## Exercise
Please output exactly the lines below, starting at the line that has "TOSHIBA SHIBAURA BTD" and ending at the line that has "Shri Hansraj Gangaram", both included; leave out all pictures and include nothing else.

## The input
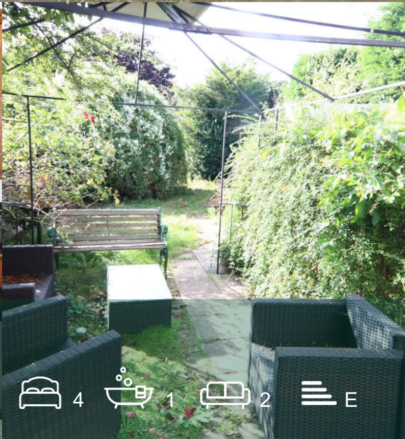
Derry Downs , Orpington, BR5 4DT £650,000 Freehold
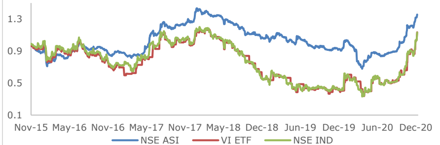
Price Movement vs NSE Industrial
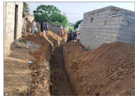
Construction of sewerage line in Meher Abadi Islamabad
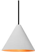
white painted M5750
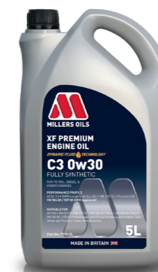
C3 0w30 Code 7998

Mid SAPS, for use in petrol, diesel and hybrid engines. A premium manufacturer acknowledged engine oil formulated using the latest technology for OEM applications requiring a C2 0w30 viscosity, predominantly for Ford and Jaguar Land Rover.
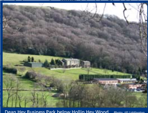
Dean Hey Business Park below Hollin Hey Wood.
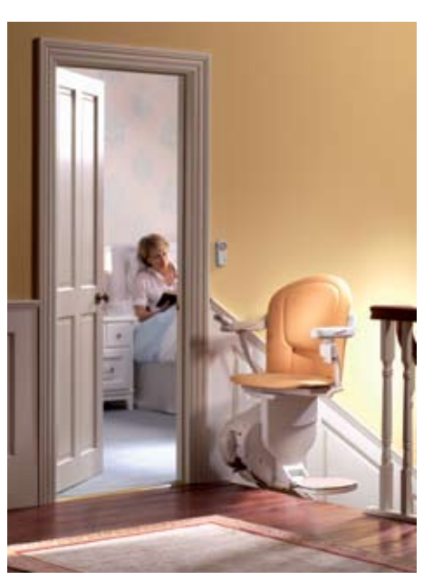
5. You can leave the stairlift in its swivelled position at the top of the stairs as an effective safety barrier or fold it flat against the wall.
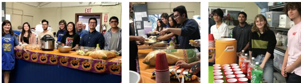
Our Circle K Club from Moorpark College joined us serving dinner to the homeless at the Samaritan Center.
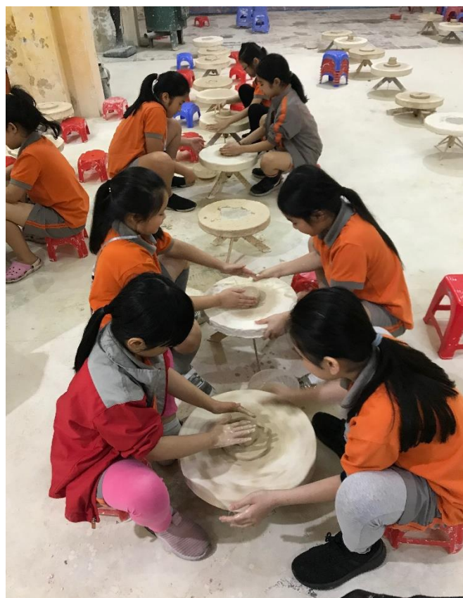
An excursion to Bat Trang village
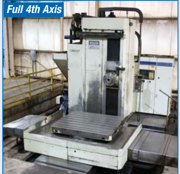
TOSHIBA SHIBAURA BTD 11E R16 CNC HORIZONTAL BORING MILL
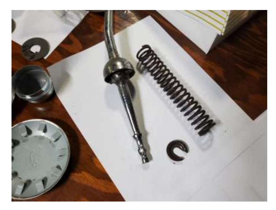
"AFTER AL HAD A PROBLEM PLACING THE RETAINING CLIP, BOBBY SHOWED THE COMPONENTS AND THE PROPER PLACEMENT"...
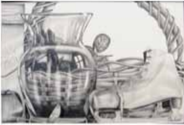
1. Reflective still-life
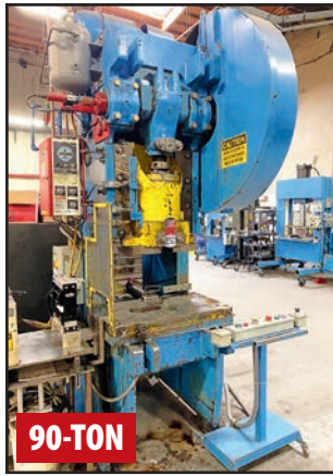
VERSON NO. 75 OBI PRESS
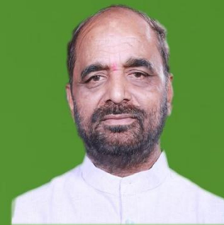
Shri Hansraj Gangaram Ahir Hon'ble Minister of State (C&F)

MOVING AHEAD AND MANY MILES TO GO.... UNDER THE INSPIRING LEADERSHIP OF HON'BLE PRIME MINISTER SHRI NARENDRA MODI
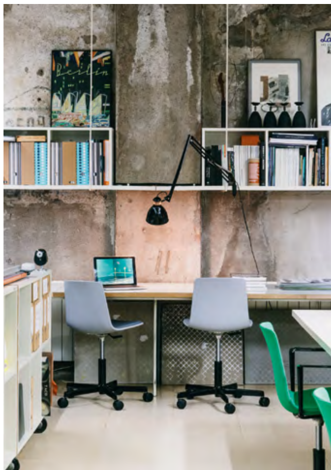
Lottus office chair (ref. 5309) in RAL 9005 structure, shell in RAL 7004 PP and pad upholstered in Step 60092. Lottus office chair (ref. 5300) with arms and base lacquered in RAL 9005 and fully upholstered seat.

Con su resistente base con ruedas, más adaptable al entorno de oficina, Lottus resulta ideal para los espacios de trabajo.
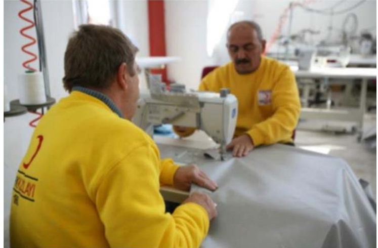
The TRC Shelter Systems Production Centre has built up its capacity for helping vulnerable people to cope with shelter needs after disasters. As a non-profit institution, the centre procures raw materials locally and keeps fabrication costs to a minimum to reduce the cost of shelter items.
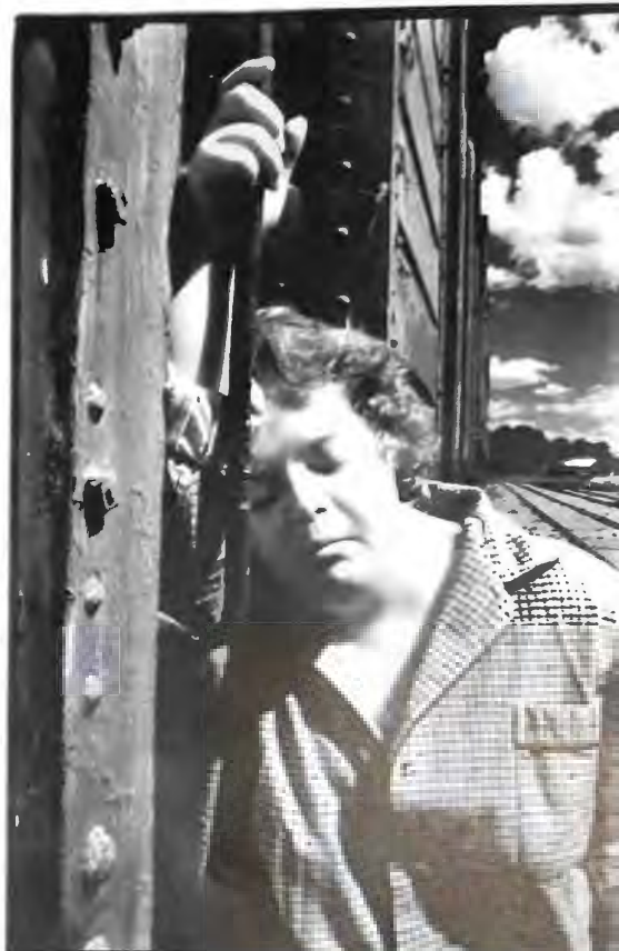
THE DAYS ALLOTTED TO ME

Time/s: Fri 28th 2.30pm, Wed 3rd 12.30pm, Sat 6th 10am Duration: 1 1/2 hours Venue: Banquet & Lyric Room, Adelaide Festival Centre Cost: $10, $8 conc. Bookings: BASS 131 246
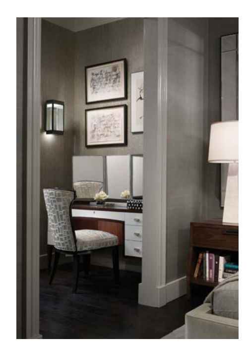
↑ The Merchandise Mart's 2011 Dream Home vanity and desk area within the master suite continues the color scheme with framed artwork, angled mirrors and black sconce lighting accents.

to life personal preferences. "Choosing soothing colors helps to create a more relaxing bedroom atmosphere,
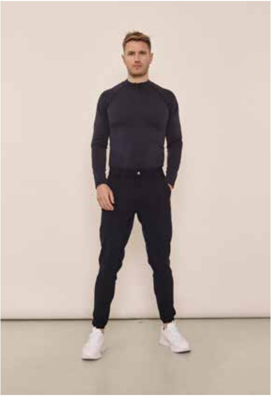
Magnus Tech T-shirt, Michael Full Seat Breeches
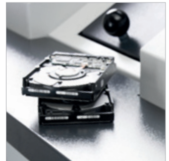
Practical stacking table for the material to be shredded.
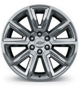
22" Premium Painted-Aluminum with Chrome Inserts (Available on LT and Premier)
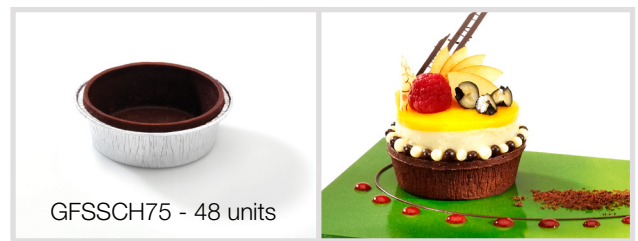
75mm Chocolate Shortbread Shell
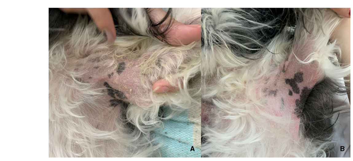
FIGURE 3 Axilla of a dog from the group treated with CBD-rich cannabis oil, before (A) and after (B) 60 days of treatment. Notice the reduction of erythema and absence of scaling in (B).

hyperpigmentation, crusting, and seborrhea (1). Luz-Veiga et al. (9) suggest that phytocannabinoids CBD and CBG have promising antimicrobial effects when topically Applied, without altering the
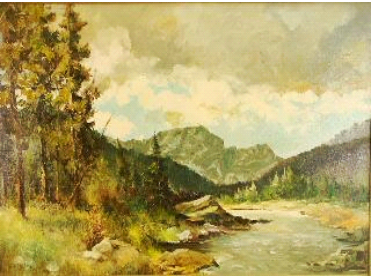
Lot # 67
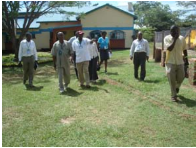
IIMSAM and visiting Kari Directors tour the centre
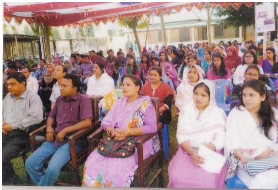
(National Anti drug Day Program)

The reporting period Profit Foundation organized capacity building activities, orientation workshop, rally, day observation, distribution leaflet, booklet/handbill etc. for different public gathering in favor of anti drug tobacco and environment also no smoking in any where. The capacity building of the period 450 awareness on different issue in social, health, Environment under the support WBB Trust and BATA. And objectives of the activities- to ensure terrorism free society, to ensure safety society, to ensure proper environment. The various activities down by the organization like- motivation, skill development training and local policy activities in the area. Output of the activities- ♦ Much people Awarded on Anti drug and anti tobacco and ♦ Health status has increased.

## Result
TOSHIBA SHIBAURA BTD 11E R16 CNC HORIZONTAL BORING MILL
"AFTER AL HAD A PROBLEM PLACING THE RETAINING CLIP, BOBBY SHOWED THE COMPONENTS AND THE PROPER PLACEMENT"...
1. Reflective still-life
VERSON NO. 75 OBI PRESS
Shri Hansraj Gangaram Ahir Hon'ble Minister of State (C&F)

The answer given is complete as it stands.